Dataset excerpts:
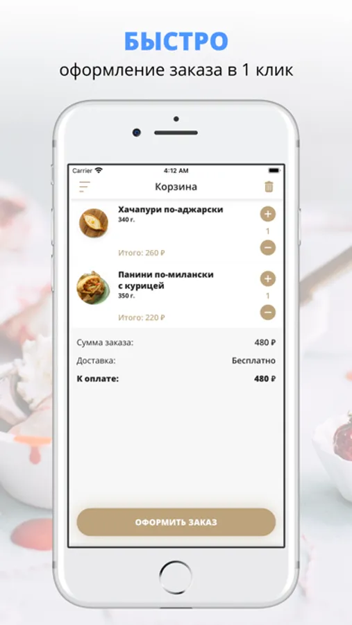 Скачивайте наше приложение, оформляйте заказ и наслаждайтесь любимой едой, где бы Вы ни были! Приятного аппетита!
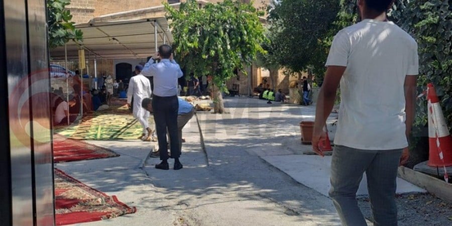 Δεκάδες αστυνομικοί περιφρουρούν το Τέμενος Ομεριέ στην παλιά πόλη όπου είναι προγραμματισμένη διαμαρτυρία.
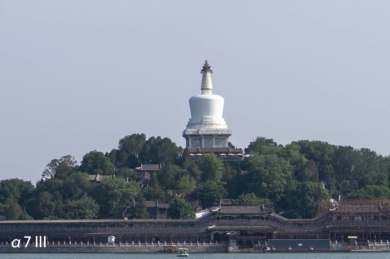即使我们在最终输出时不需要高像素,高像素机型所带来的优势也是很明显的。我们这里把α7R IV的图先缩小到2400万像素,再裁切到白塔。当两款相机拍摄的图片像素相同时,高像素带来的超采优势一样可以提供更好的画面观感。
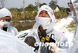中外十四名記者,十二日深入中國內地首發禽流感疫點--隆安縣丁當電灌站采訪。中新社記者:宋吉河
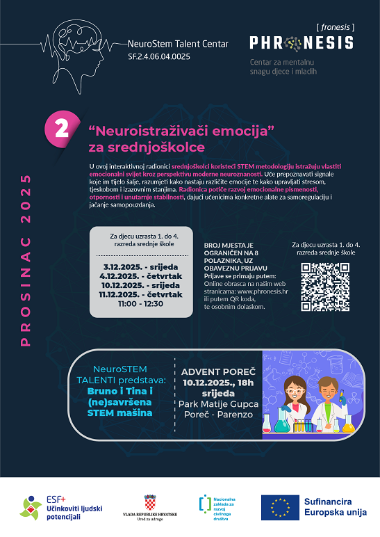 Centar Phronesis najavljuje novi prosinački ciklus edukativnih aktivnosti za djecu i mlade u sklopu projekta NeuroSTEM Talent Centar. Ovoga puta fokus je na razumijevanju emocija kroz suvremene metode neuroznanosti, biofeedback tehnologiju i interaktivne STEM sadržaje.
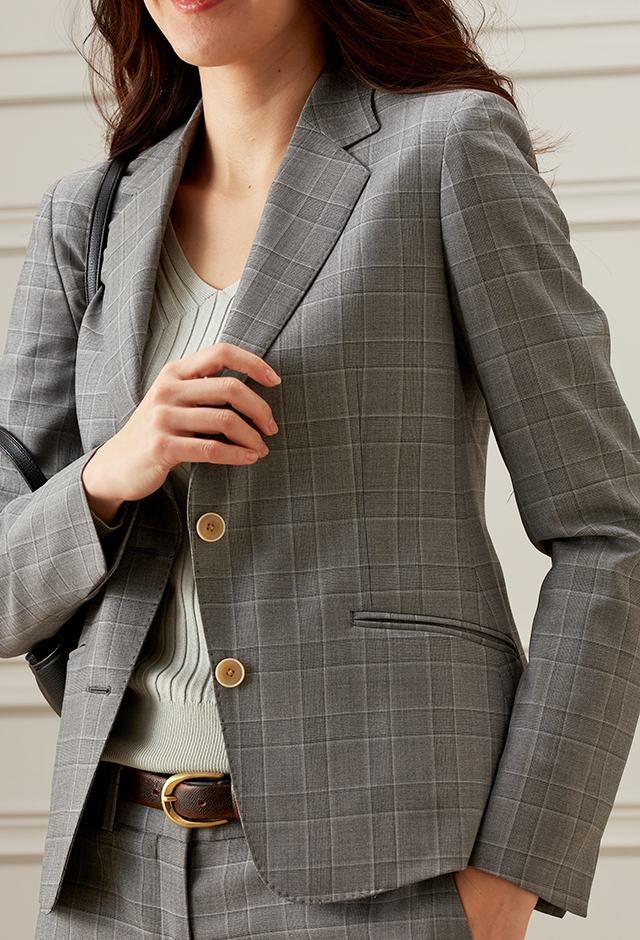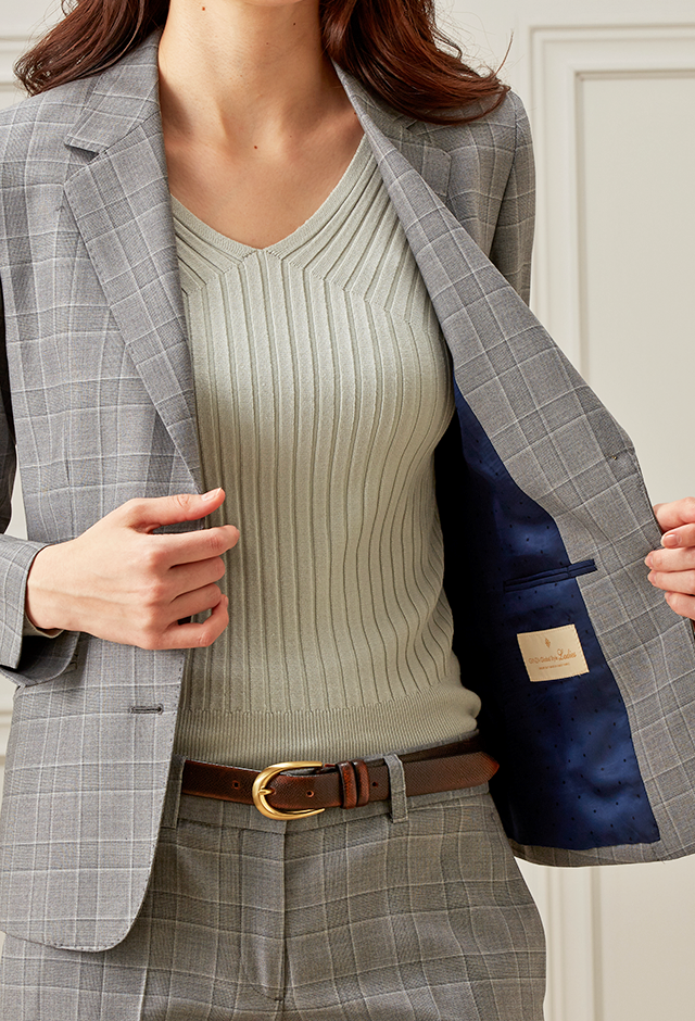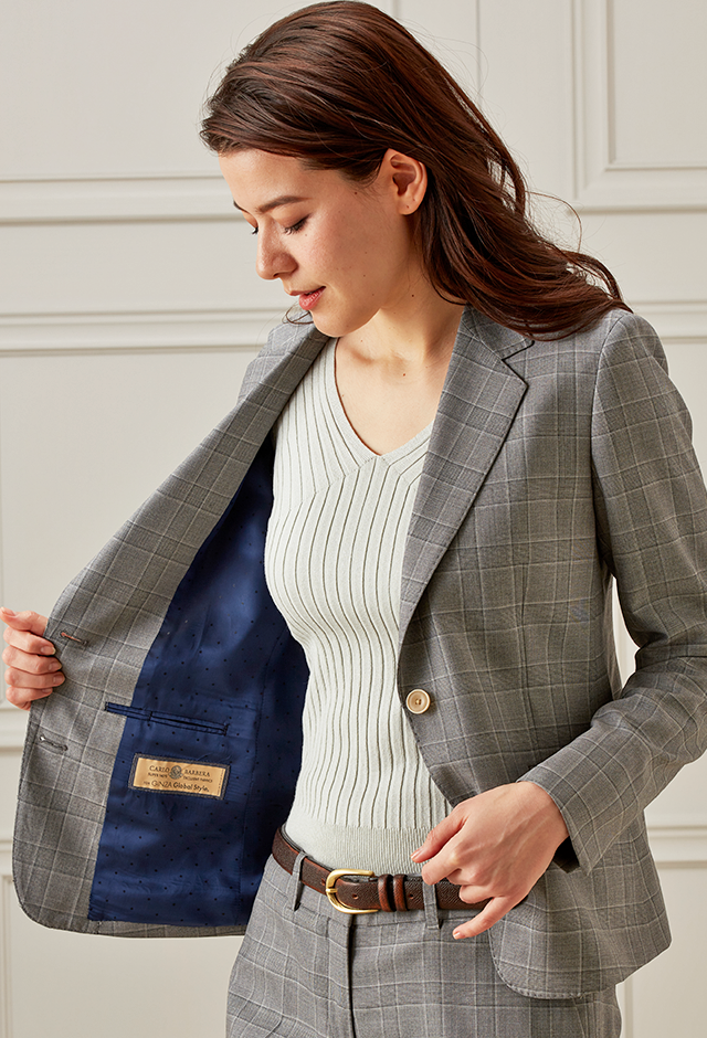 美しい生地を作り出す独自の製法を持つ「カルロ・バルべラ」で仕立てたスーツです。ライトグレー×同系色のチェック柄でビジネスシーンにも最適なスタイルで、オールシーズン着用していただけます。ジャケットはテーラーギビングモデル(2つボタン)、ボトムスはクールなセミフレアパンツで仕立てました。ネイビーにドット柄の入ったお洒落な裏地。ジャケットのポケットは斜めにすることでシャープな印象に。グリーン、ブラック、グレーのバランスが良い3色コーデです。※生地在庫は変動いたしますのでご了承くださいませ。

◆ REQUIRED WORK:
The data above are to be repeated word for word, with any pictures left out.

◆ PROBLEM SOLUTION:
 Скачивайте наше приложение, оформляйте заказ и наслаждайтесь любимой едой, где бы Вы ни были! Приятного аппетита!
 Δεκάδες αστυνομικοί περιφρουρούν το Τέμενος Ομεριέ στην παλιά πόλη όπου είναι προγραμματισμένη διαμαρτυρία.
即使我们在最终输出时不需要高像素,高像素机型所带来的优势也是很明显的。我们这里把α7R IV的图先缩小到2400万像素,再裁切到白塔。当两款相机拍摄的图片像素相同时,高像素带来的超采优势一样可以提供更好的画面观感。
中外十四名記者,十二日深入中國內地首發禽流感疫點--隆安縣丁當電灌站采訪。中新社記者:宋吉河
 Centar Phronesis najavljuje novi prosinački ciklus edukativnih aktivnosti za djecu i mlade u sklopu projekta NeuroSTEM Talent Centar. Ovoga puta fokus je na razumijevanju emocija kroz suvremene metode neuroznanosti, biofeedback tehnologiju i interaktivne STEM sadržaje.
 美しい生地を作り出す独自の製法を持つ「カルロ・バルべラ」で仕立てたスーツです。ライトグレー×同系色のチェック柄でビジネスシーンにも最適なスタイルで、オールシーズン着用していただけます。ジャケットはテーラーギビングモデル(2つボタン)、ボトムスはクールなセミフレアパンツで仕立てました。ネイビーにドット柄の入ったお洒落な裏地。ジャケットのポケットは斜めにすることでシャープな印象に。グリーン、ブラック、グレーのバランスが良い3色コーデです。※生地在庫は変動いたしますのでご了承くださいませ。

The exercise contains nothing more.